税務調査の現場で見つけた「抜きすぎ粉飾」とは?――東芝の不適切会計問題の今後
東芝の不適切会計問題で、今後はどのような事態に発展していくのだろうか。『国税局資料調査課』の著書で、元国税実査官だった佐藤弘幸さんによると、「まず、企業が粉飾を認める必要があります。自ら認めた(株主総会の承認)うえで、今期以後の決算で、前期以前の決算の修正を受け入れることを要するなど、粉飾決算の処理には少々手間がかかることになります」という。
「一般に税務調査の指摘事項には、利益の過少申告による『追徴』だけでなく、過大申告による『認容(マイナス)』もあります。厳密にいえば、追徴と認容の合計がプラスになった場合に追徴となるのです。法人税法第129条によると、粉飾分(過大申告分)は、企業が今期以後の決算で修正経理した後でなければ、所得減算を認めなくてもいいことになっています。つまり、法律上だけなら追徴分だけ払わせて、粉飾分(過大申告分)は見ないことができるのです。しかし、税務当局も行政サービスの一環であることに違いはないので、取れるものだけ取るというわけにはいきません。
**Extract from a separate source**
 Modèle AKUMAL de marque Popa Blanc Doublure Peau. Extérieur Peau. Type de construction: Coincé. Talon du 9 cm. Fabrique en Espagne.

“できる規定”は税務署長に裁量があるので、実務の世界ではケースバイケースとなりますね」(佐藤弘幸さん)
粉飾による利益のかさ上げで多く払いすぎた税金の還付もあるかもしれないということだ。
「粉飾分を考慮した処分となると、“数字が減る”ことがあるんです。調査官は、これを嫌うのです。中小企業の調査現場では、調査初日に企業側から粉飾(売上・利益の過大申告)の告白がされることがある。調査担当者は、頭を鈍器で殴られたような気分となります」(佐藤さん)
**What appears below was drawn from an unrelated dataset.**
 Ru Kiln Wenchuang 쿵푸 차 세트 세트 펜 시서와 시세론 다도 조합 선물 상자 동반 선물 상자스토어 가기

ここで諦めてしまう調査官も多いそうだが、実は一つ注意が必要だという。
「それは、『抜きすぎ粉飾』というものがあるからです。抜きすぎ粉飾とは、事業年度の途中まで、架空原価などで逆粉飾(過少申告)していたのに、決算利益の見込みが予算より少なくなってしまい、銀行などのステークホルダーに面目がたたなくなってしまい、結果、架空売上の計上(粉飾)で辻褄合わせをすることをいいます」(佐藤さん)
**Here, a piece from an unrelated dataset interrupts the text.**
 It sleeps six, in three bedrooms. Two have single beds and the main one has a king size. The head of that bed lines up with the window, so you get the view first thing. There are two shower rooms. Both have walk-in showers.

利益を少なく見せていたら思った以上に少なくなってしまい、まずい事態になった。そこで、今度は逆に架空売り上げをして増やすという、意味のわからない行動に出る“抜きすぎ粉飾”があるそうだ。こうなると、しっかり調査をすれば追徴を課すこともできるので、最後まで調査することが必要なのだという。東芝の不適切会計問題は刑事、民事での係争に加え、税務の問題も山積みである。今後も注視していきたい。
【元国税実査官・佐藤弘幸】
1967年生まれ。東京国税局課税第一部課税総括課、電子商取引専門調査チーム(現在の統括国税実査官)、統括国税実査官(情報担当)、課税第二部資料調査第二課、同部第三課に勤務。主として大口、悪質、困難、海外、宗教、電子商取引事案の税務調査を担当。退官までの4年間は、大型不正事案の企画・立案に従事した。2011年、東京国税局主査で退官。現在、税理士。いわゆる“マルサ”は国税局査察部のことであるが、“コメ”は国税局資料調査課のことで、「料」の字の偏からとった隠語。一般に課税調査などを行う国税局員は「調査官」と呼ぶが、資料調査課は「実査官」と呼ぶ。